If a randomly selected product is found to be defective, what is the probability that it came from production line B?
Reference implementation:
p_a = 0.6
p_b = 0.4
p_defective_given_a = 0.02
p_defective_given_b = 0.05
p_defective = p_defective_given_a * p_a + p_defective_given_b * p_b
p_b_given_defective = p_defective_given_b * p_b / p_defective
print(f"P(line B | defective): {p_b_given_defective:.1%}")
Expected output:
P(line B | defective): 62.5%
Exercise 3: Simulate Bayes' Theorem
Modify the disease testing example by changing the incidence rate to 1% (instead of 0.1%), and see how the probability of having the disease after a positive test changes.
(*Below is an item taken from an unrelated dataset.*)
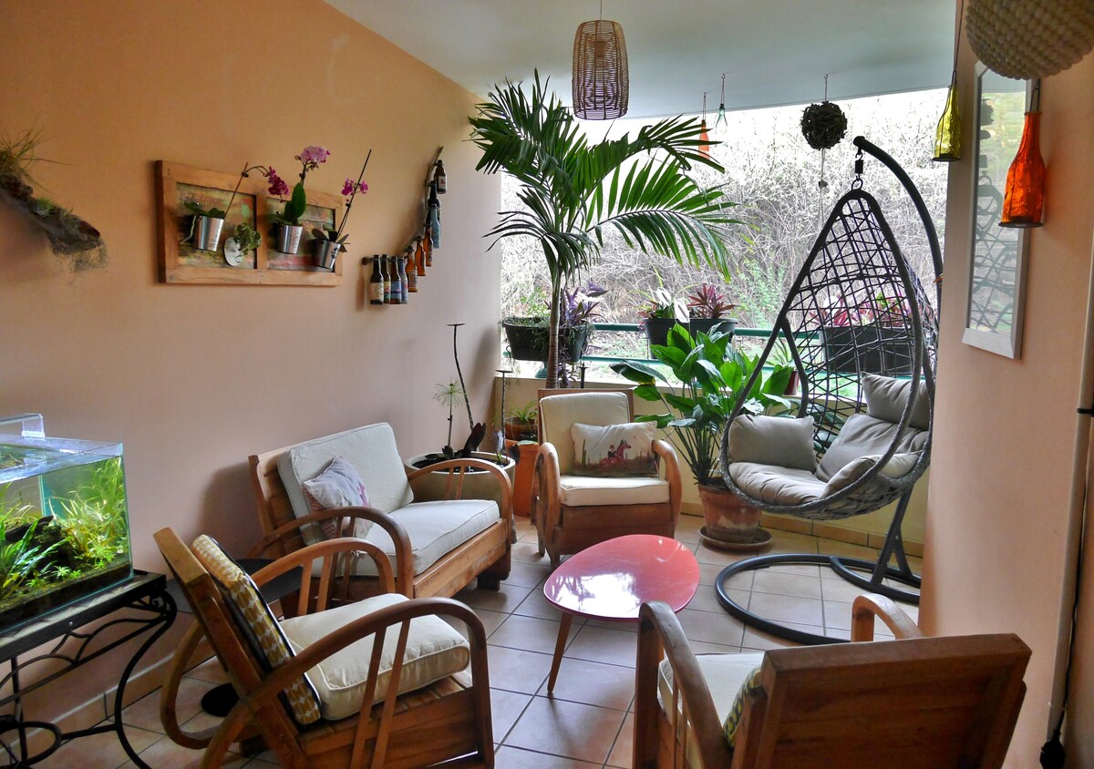 Relájese en este alojamiento tranquilo y elegante. Le Nid Vert es un encantador apartamento situado en la parte baja de La Possession. Incluye: Ropa de cama. Una habitación con cama doble de 160 + un sofá cama italiano. Una cocina equipada (nevera integrada, lavadora, secadora, lavavajillas, café Nespresso, etc.). Un balcón relajante con vistas al mar y las maravillosas puestas de sol que nos ofrece el oeste de nuestra isla. Wifi (fibra), TV con Netflix. 1 aparcamiento privado y seguro

Verify it using both simulation and the formula.
Formula check:
p_disease = 0.01
p_positive_if_disease = 0.99
p_positive_if_healthy = 0.05
p_positive = (p_positive_if_disease * p_disease +
p_positive_if_healthy * (1 - p_disease))
p_disease_if_positive = p_positive_if_disease * p_disease / p_positive
print(f"P(Have disease|Positive) when incidence is 1%: {p_disease_if_positive:.1%}")
Expected output:
P(Have disease|Positive) when incidence is 1%: 16.7%
This is much higher than 1.9%, because the prior probability is no longer as tiny. Bayes' theorem is sensitive to the prior, which is exactly why base rates matter so much in real-world diagnosis and risk scoring.